EXERCISE -> The data below should be transcribed in full, with no picture included.

AVAILABLE DATA ->
↓
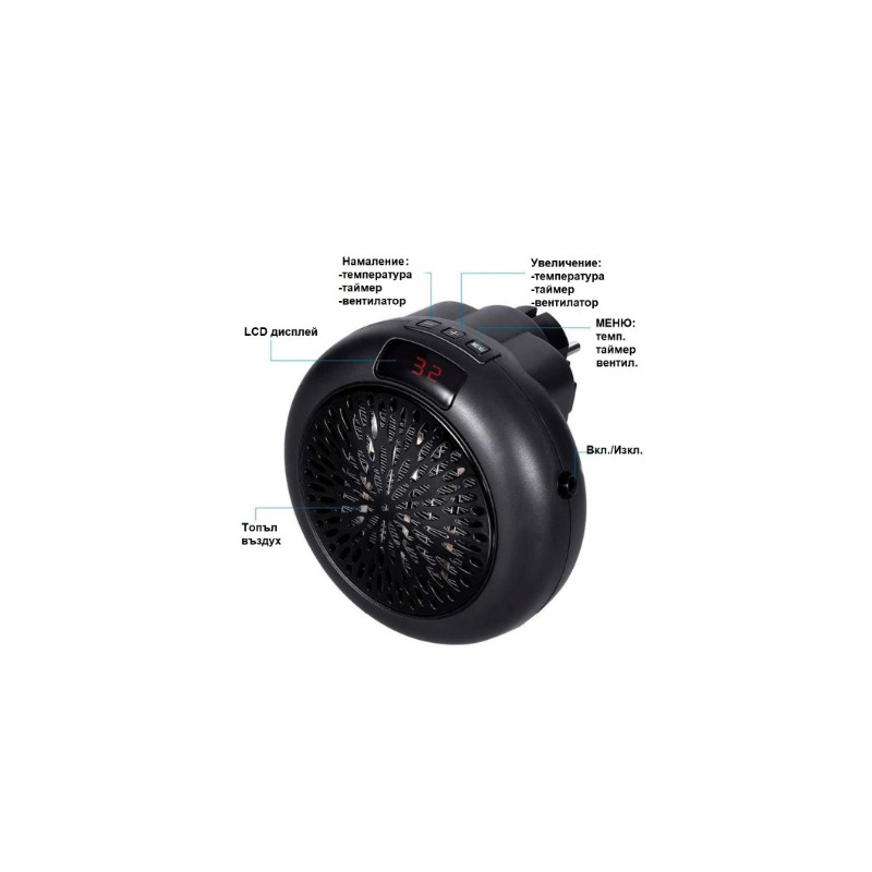 ВАЖНО: при натискане на бутона за изключване уредът работи 1 минута, за да охлади керамичния елемент. Не е правилно изключването директно от контакта.
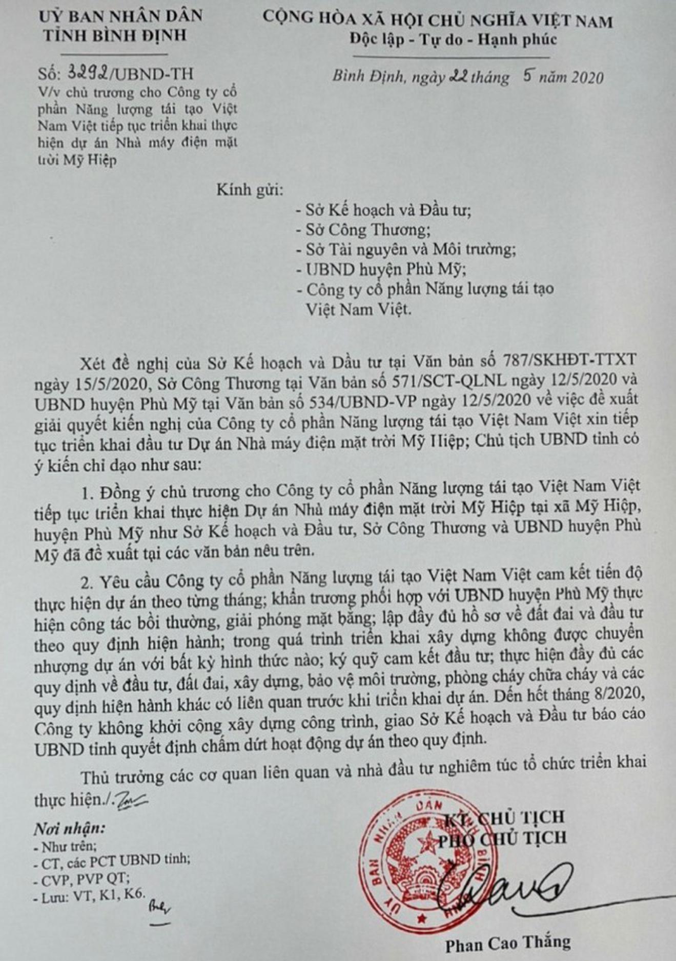 Văn bản của UBND tỉnh Bình Định đồng ý cho Cty Việt Nam Việt thực hiện DA sau khi đã thu hồi. Ảnh: Nhóm PV
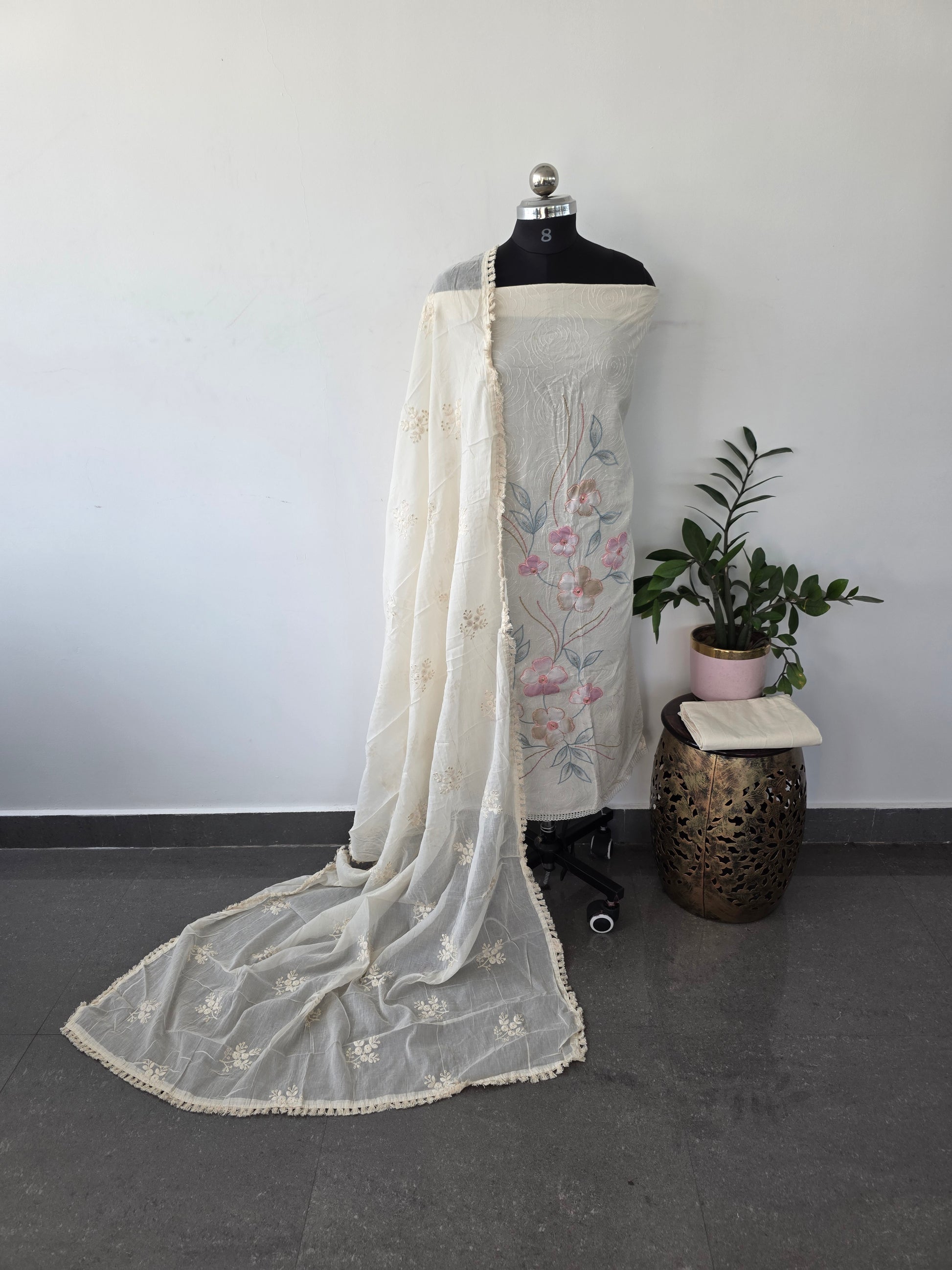 Expertly crafted three-piece ensemble featuring a premium linen-cotton blend top paired with a coordinating duppatta, complemented by a pure cotton bottom. This curated set combines natural fiber comfort with refined construction, ideal for those seeking versatile, breathable wear that transitions seamlessly across occasions.
↑
WRITTEN SOLUTION ->
 ВАЖНО: при натискане на бутона за изключване уредът работи 1 минута, за да охлади керамичния елемент. Не е правилно изключването директно от контакта.
 Văn bản của UBND tỉnh Bình Định đồng ý cho Cty Việt Nam Việt thực hiện DA sau khi đã thu hồi. Ảnh: Nhóm PV
 Expertly crafted three-piece ensemble featuring a premium linen-cotton blend top paired with a coordinating duppatta, complemented by a pure cotton bottom. This curated set combines natural fiber comfort with refined construction, ideal for those seeking versatile, breathable wear that transitions seamlessly across occasions.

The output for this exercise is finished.